In my experience, these general concerns arise in most application areas, not just organ exchange. Pricing advertisements depends on underlying social trends as well as external demand for correlated inventory. Drug interdiction success rates correlate with weather as well as USCIS/CPB patrol policies. Worldwide blood donation efficacy correlates with national and WHO policy. I’m sure you can think of examples from your own past or present, too. That’s part of our motivation behind building Arthur—creating a scalable platform for solving general problems in model performance across industries.
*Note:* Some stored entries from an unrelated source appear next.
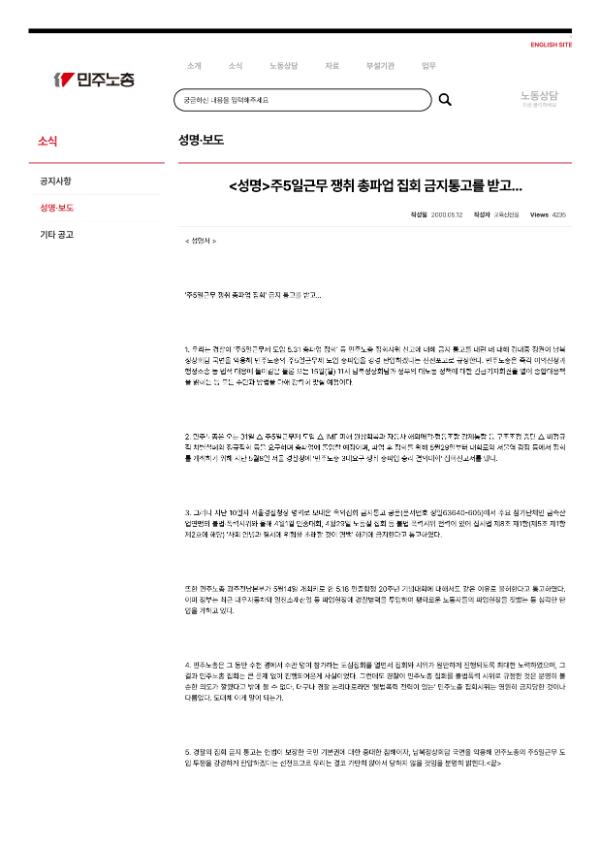 [성명] 주5일근무 쟁취 총파업 집회 금지통고를 받고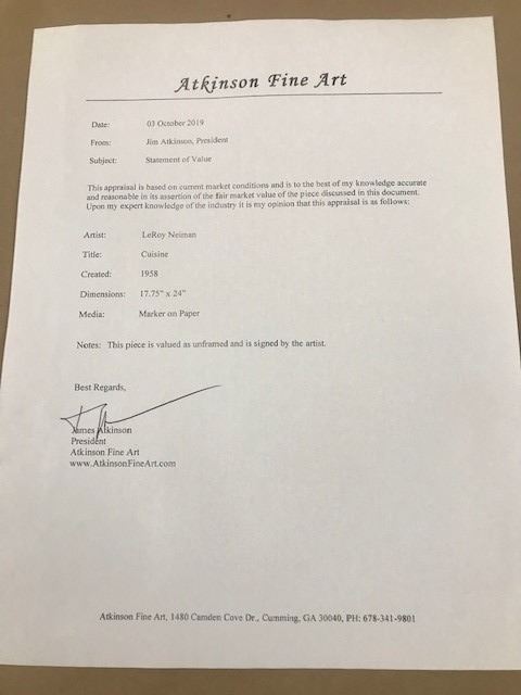 LeRoy Neiman "Cuisine" Original marker sketch on Paper signed by LeRoy Neiman - Circa 1958 - Framed size = 34"x26" - Includes Certificate of Authenticity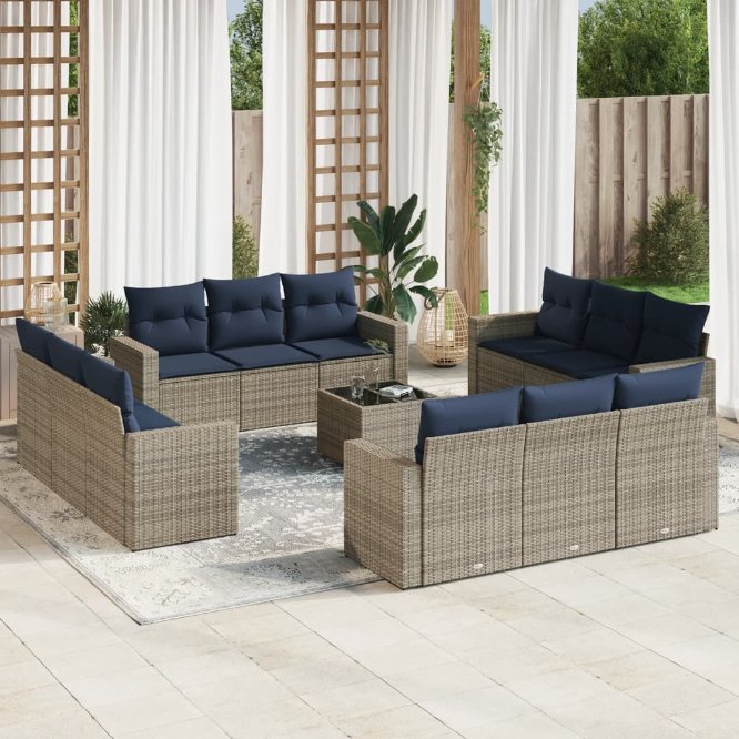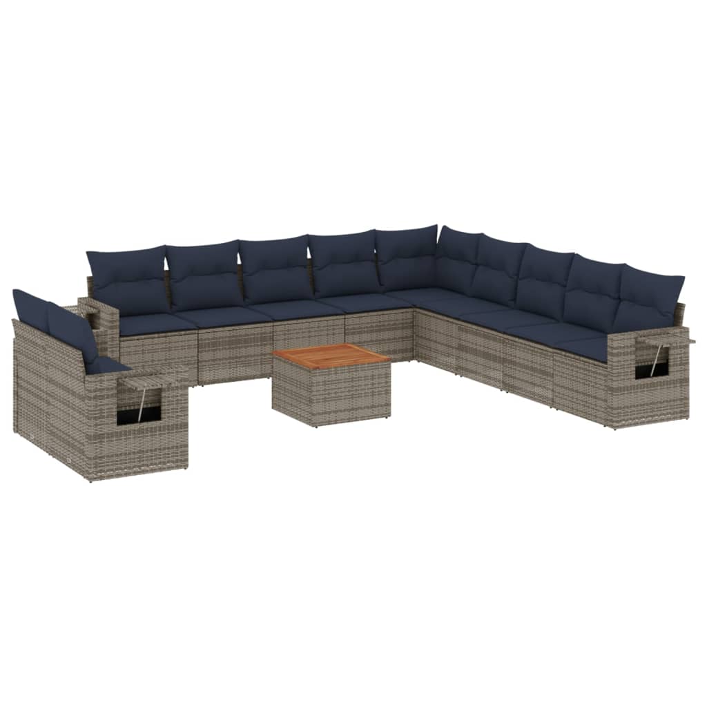 vidaXL 13-delige Loungeset met kussens poly rattan grijs

Monitoring Models with Arthur

We built Arthur to monitor models in production, and to aid in the model verification process. Our enterprise clients—across banking, healthcare, agriculture, logistics, news, and beyond—have all felt that pain of unobserved model deployment, directly via revenue loss or indirectly via damage to their brand. We are continuing to translate that technology—distribution and concept drift detection and connection to downstream KPIs, bias and fairness definition, detection, and mitigation, and model explainability across the board—to the individual developer and team of developers. Our platform already handles structured and unstructured data, and we have an exciting roadmap over the coming year expanding in our core strengths like computer vision and NLP connected to foundation models, robust approaches to measuring all of the metrics, and effortless scaling as our clients’ needs grow.

We look forward to continuing to partner with the MLOps community! If you’re in Austin next week (Feb 21-23), come find us at the Data Science Salon Austin—we’re going to be sharing some exciting things we’ve been building to tackle these very issues.


[1] All of these examples are independent from my time building Arthur! We encounter the same style of (broad, reaching) problem at Arthur, and I am happy to dive into those details over a coffee or beer. My goal with this post is to identify with the reader as an ML practitioner, not necessarily a C-suite executive.